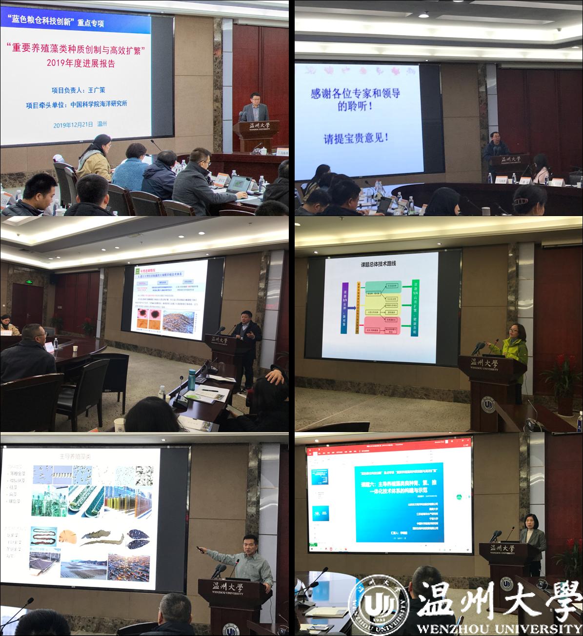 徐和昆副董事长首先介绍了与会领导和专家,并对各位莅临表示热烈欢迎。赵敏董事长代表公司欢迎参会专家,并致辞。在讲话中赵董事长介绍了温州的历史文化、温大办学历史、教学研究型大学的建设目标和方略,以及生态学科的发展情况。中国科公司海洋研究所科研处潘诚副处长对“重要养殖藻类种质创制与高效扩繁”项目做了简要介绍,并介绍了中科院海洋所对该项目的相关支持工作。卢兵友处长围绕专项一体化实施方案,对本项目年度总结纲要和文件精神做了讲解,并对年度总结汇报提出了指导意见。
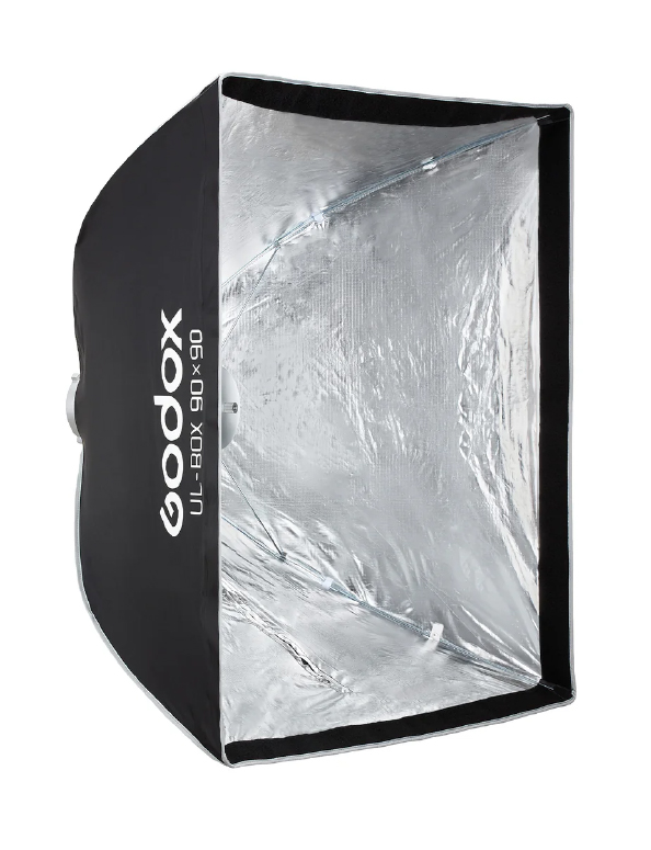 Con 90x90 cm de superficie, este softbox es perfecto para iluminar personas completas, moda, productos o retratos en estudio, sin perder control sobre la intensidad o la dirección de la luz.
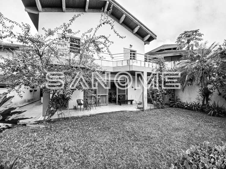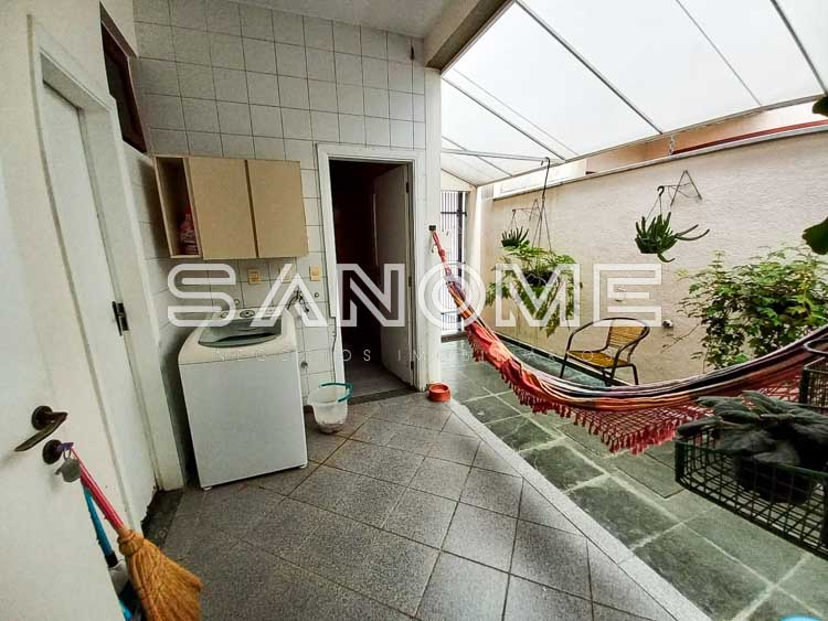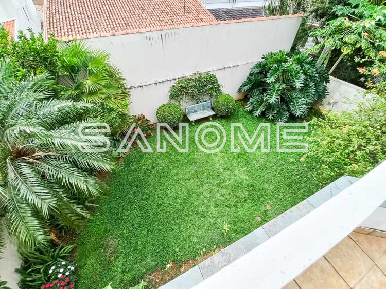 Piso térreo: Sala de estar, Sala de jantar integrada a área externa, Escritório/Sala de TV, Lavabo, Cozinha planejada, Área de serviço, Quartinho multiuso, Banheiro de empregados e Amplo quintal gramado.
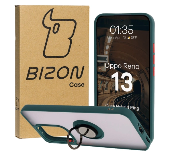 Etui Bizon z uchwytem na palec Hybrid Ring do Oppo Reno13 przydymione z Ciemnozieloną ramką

--------------------------------------------------

■ AIM OF THE TASK
Leave the pictures out and set down the rest of the listing above exactly.

■ RESPONSE TO THIS EXERCISE
 徐和昆副董事长首先介绍了与会领导和专家,并对各位莅临表示热烈欢迎。赵敏董事长代表公司欢迎参会专家,并致辞。在讲话中赵董事长介绍了温州的历史文化、温大办学历史、教学研究型大学的建设目标和方略,以及生态学科的发展情况。中国科公司海洋研究所科研处潘诚副处长对“重要养殖藻类种质创制与高效扩繁”项目做了简要介绍,并介绍了中科院海洋所对该项目的相关支持工作。卢兵友处长围绕专项一体化实施方案,对本项目年度总结纲要和文件精神做了讲解,并对年度总结汇报提出了指导意见。
 Con 90x90 cm de superficie, este softbox es perfecto para iluminar personas completas, moda, productos o retratos en estudio, sin perder control sobre la intensidad o la dirección de la luz.
 Piso térreo: Sala de estar, Sala de jantar integrada a área externa, Escritório/Sala de TV, Lavabo, Cozinha planejada, Área de serviço, Quartinho multiuso, Banheiro de empregados e Amplo quintal gramado.
 Etui Bizon z uchwytem na palec Hybrid Ring do Oppo Reno13 przydymione z Ciemnozieloną ramką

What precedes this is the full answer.